TASK STATEMENT:
Using the records below, copy exactly the part that opens with the line holding "Varmt välkommen att" and closes with the line holding "Faites l’acquisition de", minus the pictures.

-------

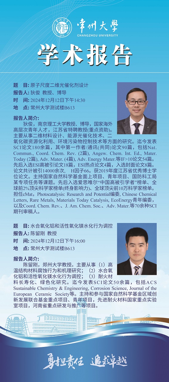 | 【學(xué)術(shù)報告】12月12日學(xué)術(shù)報告—狄俊教授 南京理工大學(xué) 陳留剛教授 鄭州大學(xué) |
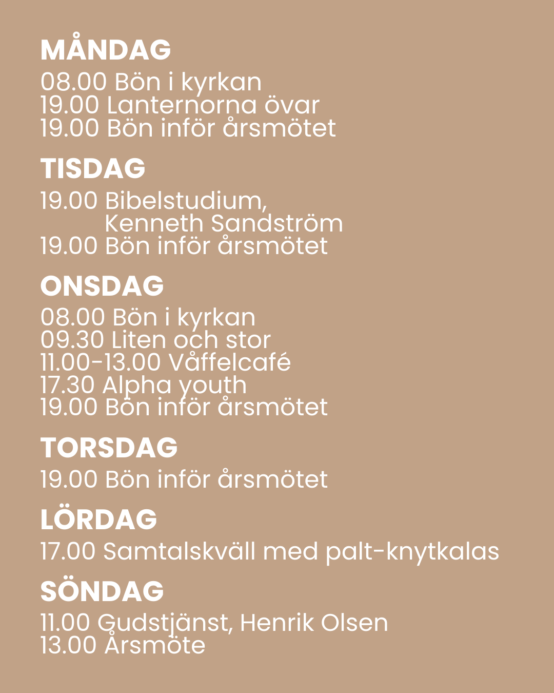 Varmt välkommen att vara med på någon av våra samlingar i veckan!
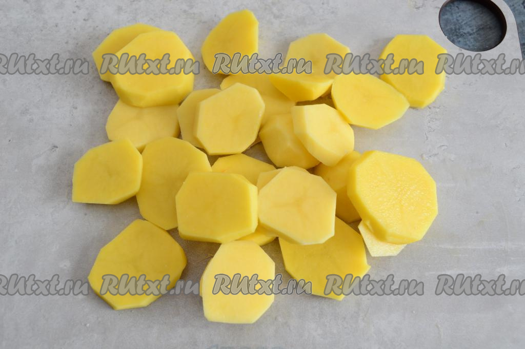 Картошку почистить и нарезать на кружочки средней толщины.
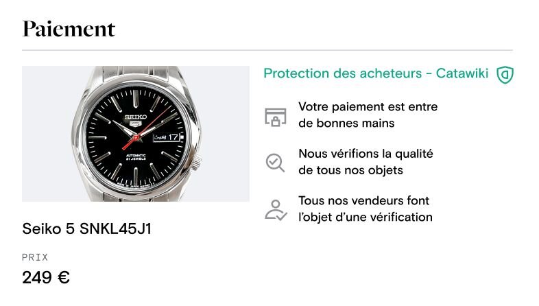 Faites l’acquisition de l’objet. Effectuez votre paiement via notre système de paiement sécurisé. Votre argent sera conservé en sécurité jusqu’à ce que votre objet soit livré à votre domicile.{
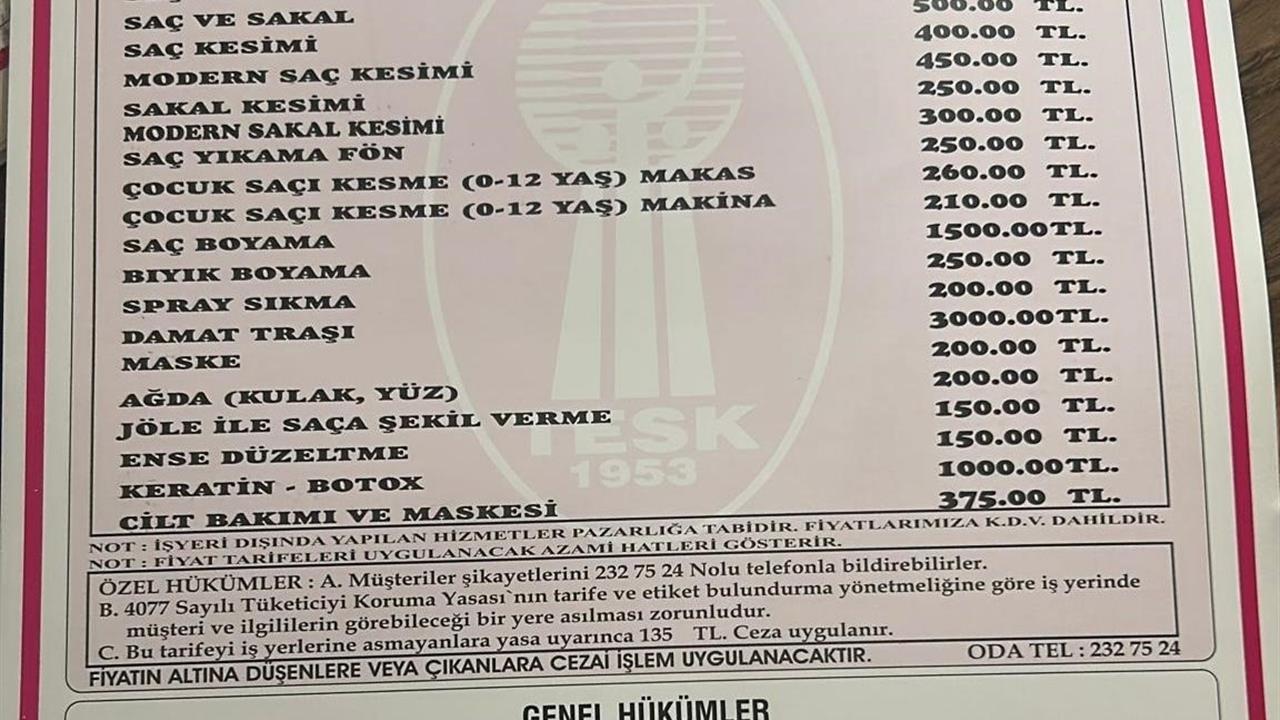 Kayseri'de berber ve kuaför fiyatları güncellenerek yeni tarifeler belirlendi. Yapılan zamla birlikte, saç kesimi ücreti 700 TL'ye yükseldi. Açıklanan fiyat listesine göre, saç ve sakal yıkama fön 700 TL, saç ve sakal kesimi 500 TL olarak belirlendi. Ayrıca modern saç kesimi 450 TL, sakal kesimi 250 TL, modern sakal kesimi ise 300 TL oldu. Çocuk saç kesimi (0-12 yaş) makas ile 260 TL, makine ile 210 TL olarak fiyatlandırıldı. Saç boyama 1,500 TL, bıyık boyama 250 TL, sprey sıkma 200 TL, damat tıraşı 3,000 TL, maske 200 TL, ağda (kulak, yüz) 200 TL, jöle ile saça şekil verme 150 TL, ense düzeltme 150 TL, keratin-botoks uygulaması 1,000 TL ve cilt bakımı ile maskesi 375 TL olarak güncellendi. Yapılan zamlar, berber ve kuaför hizmetlerini etkileyerek müşterilerin bütçelerinde değişiklikler yaratacak.
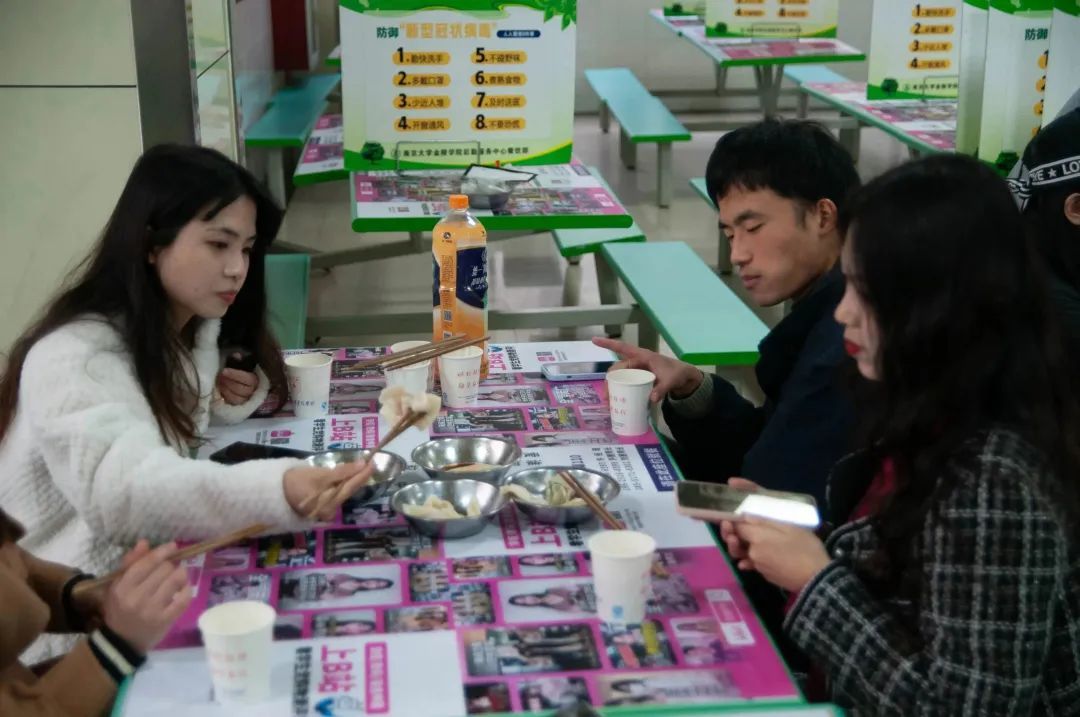 师生围坐桌前,品尝自己亲手包的饺子,一颗颗真挚的心在集体中感受温暖,欢声笑语、其乐融融。
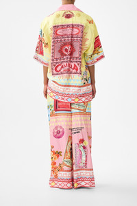 The Collage Kingdom Straight Leg Pant is a handcrafted silhouette designed by our in house artisans. Reimagined in an exclusive limited edition print, our straight leg pants are full length and relaxed fitting. It's finished with an elasticated waistband and inseam pockets for effortless wear. - 100% Silk - Relaxed Fit - Full Length - Elasticated Waistband - Inseam Pockets - Drawstring At Waist With Camilla Tassel Charms - Silk Twill Fabric SKU 00038837-COLLKING-XXS Size and Fit Our model is 5'10 (178cm) tall and wears a size S (AU 10). Bust: 40in (101.6cm) Waist: 26.5in (67cm) Hips: 38in (96.5cm) Designed as a relaxed fit. Take your normal size, or select one size smaller for a neater fit. Fabric and Care 100% SILK Silk twill is renowned for its diagonally-patterned weave and fluid texture. Its high thread count ensures rich density and durability, while its beautiful sheen provides a luscious touch to the skin.

-------

TASK OUTPUT:
 Varmt välkommen att vara med på någon av våra samlingar i veckan!
 Картошку почистить и нарезать на кружочки средней толщины.
 Faites l’acquisition de l’objet. Effectuez votre paiement via notre système de paiement sécurisé. Votre argent sera conservé en sécurité jusqu’à ce que votre objet soit livré à votre domicile.{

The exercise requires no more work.